Le travail des marxistes consiste, à partir des besoins exprimés par les travailleurs dans leurs luttes, à remonter aux sources de leurs maux, à tracer les perspectives de lutte, à les relier à une conception anticapitaliste du monde (Programme révolutionnaire).

Certains camarades pensent que l’exposé de la société socialiste est premier dans notre propagande. La réalité est plus complexe.

Marx montre que c’est le mouvement vers le communisme qui abolit l’ordre ancien, la propagande seule ne suffit pas.

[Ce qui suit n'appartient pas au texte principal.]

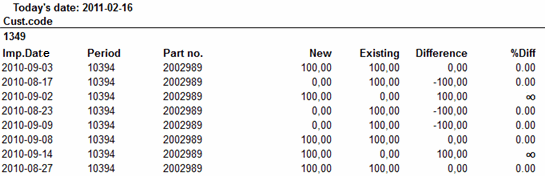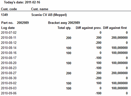 At the top of the Total per date/part list you will see today's date (when the list was created). Then you will see (per customer code and part number) Total quantity per log date (import date), the Difference in proportion to the previous import and the first import on all order rows of the imported delivery schedules.

Pour forger une conscience révolutionnaire, il faut étudier sans cesse la réalité objective et subjective (reflet plus ou moins approchant de la situation réelle)

a/ en analysant les positions de classe des diverses formations politiques et syndicales

b/ en étudiant les formes prises par la conscience ouvrière dans les luttes, en étudiant les points forts et faibles de ces luttes, en critiquant d’un point de vue marxiste ces points faibles

c/ en analysant, à partir des besoins objectifs et stratégiques du prolétariat, les luttes de classes dans le monde et en France

d/ en proposant les tactiques et la stratégie révolutionnaire : formes de luttes, mots d’ordre, objectifs, grèves générales politiques, manifestations et occupations de la rue et des bâtiments publics, prise de position politique, alliances de classe, degré d’hégémonie du prolétariat dans le mouvement populaire, formations d’organes de double pouvoir, soulèvement populaire…

4/ Adopter un vocabulaire matérialiste de classe

Un des moyens par lesquels la bourgeoisie trompe le prolétariat, c’est le recours à un vocabulaire qui évacue sciemment l’antagonisme entre Capital et travail.

Ainsi, au fil des années, au terme « patronat » (a fortiori « capitaliste ») s’est substitué celui, neutre, d’« entrepreneur ». Les termes « bourgeois » et « prolétariat » ne sont utilisés que par les marxistes-léninistes et les syndicalistes les plus avancés.

On a même vu Georges Marchais, dirigeant révisionniste bien connu, liquider le concept de dictature du prolétariat (selon Marx et Lénine : pouvoir politique de la classe ouvrière et de ses alliés) et celui de prolétariat, sous prétexte qu’aujourd’hui « les ouvriers ne sont plus des prolétaires puisqu’ils ont atteint un certain niveau de vie ».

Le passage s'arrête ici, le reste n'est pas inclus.